Kata Kunci: Financial Action Task Force (FATF), RUU Perampasan Aset, Korupsi, dan Pencucian Uang.
Abstract
Synergy between the Financial Action Task Force (FATF) and national institutions in Indonesia plays an important role in optimizing asset forfeiture under the Asset Forfeiture Bill. This bill is designed to provide a clearer legal framework in dealing with assets from corruption and money laundering crimes. Although Indonesia has committed to be part of the FATF, there are still challenges in terms of inter-agency coordination and legal infrastructure. Synergy between FATF and national institutions is expected to strengthen law enforcement efforts in asset forfeiture actions. With the passing of the bill, it is expected that the asset forfeiture process will become more efficient, as well as strengthen Indonesia’s commitment to eradicating corruption and money laundering considering that the bill has been adjusted to the FATF Recommendations. Keywords: Financial Action Task Force (FATF), Asset Forfeiture Bill, Corruption, and Money Laundering.
Pendahuluan
Korupsi adalah salah satu masalah paling serius yang dihadapi oleh banyak negara, termasuk Indonesia. Korupsi tidak hanya merugikan keuangan negara, tetapi juga menghambat pembangunan dalam aspek sosial dan ekonomi. Dalam upaya pemberantasan korupsi, salah satu instrumen penting adalah perampasan aset yang berasal dari tindak pidana. Undang-Undang Nomor 31 Tahun 1999 Tentang Pemberantasan Tindak Pidana Korupsi (UU Tipikor) memberikan kerangka hukum untuk perampasan aset.

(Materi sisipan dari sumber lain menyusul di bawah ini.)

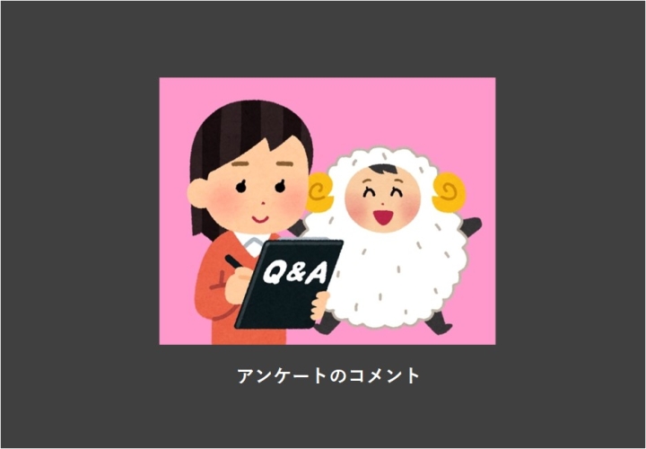 アンケートのご感想はホームページで紹介させていただくことがありますので、ペンネームでの回答をお願いします。本名は書かないでください。

Namun demikian, terlepas dari kerangka hukum yang ada, pengaturan dan pelaksanaan perampasan aset dalam konteks tindak pidana korupsi masih menghadapi berbagai tantangan. Dalam banyak kasus, aset yang berasal dari tindak pidana korupsi sulit untuk dilacak dan disita, terutama jika aset tersebut telah dipindahkan ke luar negeri. Proses perampasan aset yang panjang dan rumit sering kali melemahkan efektivitas penegakan hukum. Birokrasi yang tidak dipahami dengan baik dan kurangnya komunikasi antar lembaga dapat memperlambat proses perampasan aset, sehingga memungkinkan para pelaku kejahatan tidak dikenai proses hukum yang berlaku.
Dalam konteks ini, Rancangan Undang-Undang Perampasan Aset menjadi sangat penting. RUU tersebut berusaha untuk membangun kerangka hukum yang lebih jelas dan komprehensif untuk perampasan aset yang berasal dari tindak pidana, termasuk korupsi. RUU tersebut bertujuan untuk mengatasi tumpang tindihnya UU Tipikor dengan Undang-Undang Nomor 8 Tahun 2010 tentang Pencegahan dan Pemberantasan Tindak Pidana Pencucian Uang (UU TPPU).

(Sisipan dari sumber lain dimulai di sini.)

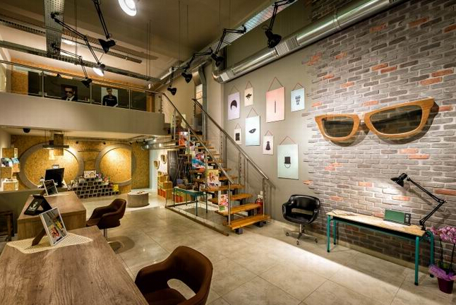 室內(nèi)的兒童區(qū)也加上了黑板,整個空間的裝飾元素大多都以眼鏡的造型而設計,是不是感覺這樣的眼鏡店很獨特呢?

RUU Perampasan Aset diperlukan untuk membangun kerangka hukum yang lebih jelas dalam menangani kasus-kasus korupsi di Indonesia. Sebagai anggota Financial Action Task Force (FATF), Indonesia berkewajiban untuk mengimplementasikan rekomendasi-rekomendasi dari badan internasional tersebut. FATF telah mengeluarkan lebih dari 40 rekomendasi yang menekankan pentingnya kerja sama antarnegara dalam memerangi pencucian uang dan pendanaan terorisme, termasuk dalam hal perampasan aset. Rekomendasi FATF memberikan panduan bagi negara-negara untuk memperkuat kapasitas mereka dalam menelusuri dan menyita aset yang berasal dari kejahatan. Dengan mengadopsi rekomendasi tersebut, Indonesia akan dapat memperkuat kapasitasnya untuk melacak dan menyita aset-aset tersebut secara lebih efektif.

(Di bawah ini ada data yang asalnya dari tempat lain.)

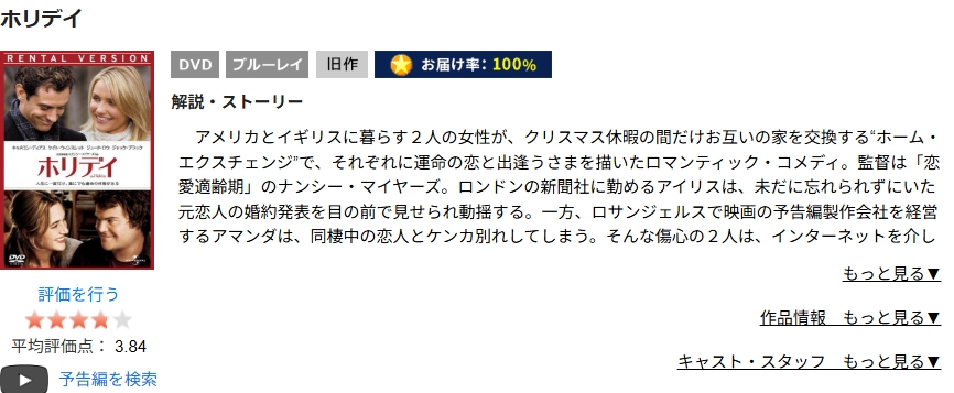 映画「ホリデイ」は旧作なので、DVDレンタルすればフル視聴が可能です。

Hambatan lain dalam pelaksanaan perampasan aset adalah kurangnya infrastruktur dan staf profesional di lembaga penegak hukum. Selain itu, kurangnya kerja sama antar lembaga dapat memperlambat proses perampasan aset. Lembaga penegak hukum seringkali bekerja masing-masing tanpa berkoordinasi satu sama lain, sehingga informasi yang dibutuhkan untuk menelusuri aset hasil korupsi tidak disampaikan secara efisien dan dapat memperlambat proses perampasan aset, sehingga memungkinkan para pelaku kejahatan tidak dikenai proses hukum yang berlaku. Bahkan, dalam banyak kasus, aset yang berasal dari tindak pidana korupsi sulit untuk dilacak dan disita, terutama jika aset tersebut telah dipindahkan ke luar negeri. Mengingat era digital saat ini, memudahkan aset-aset koruptor untuk dipindahkan ke luar negeri atau disimpan melalui jalur-jalur keuangan yang canggih, seperti crypto atau sebagainya.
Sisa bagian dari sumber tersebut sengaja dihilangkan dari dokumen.